Creators and publishers can use platform controls and metadata tools to signal reuse preferences, pursue collective licensing schemes that scale to AI training scenarios, and invest in watermarking technologies. Publishers holding large catalogs must negotiate contractual guarantees with AI firms that specify training data provenance and prohibit ingestion of unlicensed content.

Regulators should require data provenance obligations for high-impact AI models, clarify the scope of fair use in training contexts, and support technical standards for watermarking, dataset manifests, and audit trails. The EU AI Act is a step in this direction, but global coordination will be necessary to prevent fragmentation.

Conclusion

The ICMP dossier and The Atlantic investigation have forced a long-overdue reckoning. The data double standard cannot hold: companies cannot simultaneously argue for broad data access to fuel their AI while locking down their own platforms against the very same practices. The technical breadcrumbs—manifest files, leaked spreadsheets, and metadata logs—prove that transparency is possible. The question is whether the industry will embrace it voluntarily or be compelled by regulation and litigation.

As lawsuits proceed and regulators sharpen their focus, the next chapter will be written in courtrooms and policy hearings.

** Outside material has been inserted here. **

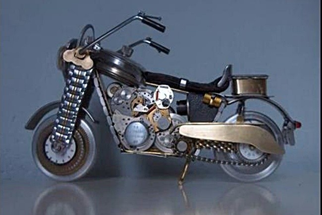 Hace ya unos cuantos años, nuestro compañero Fausto nos trajo una colección de motos fabricadas a partir de piezas recicladas de relojes que llamó poderosamente la atención. Pero aunque parezca raro, hay más gente con la misma afición como el caso del granadino afincado en Asturias Luis Robles.

The evidence gathered so far suggests that the AI industry’s hunger for data has outpaced its respect for copyright, and the bill is coming due. For now, users and creators can check whether their work has been swept into the maw of datasets using tools like the YouTube ID search. It’s a small measure of visibility in an otherwise opaque system, but it hints at the transparency that must become the norm if generative AI is to build on a foundation of consent rather than contention.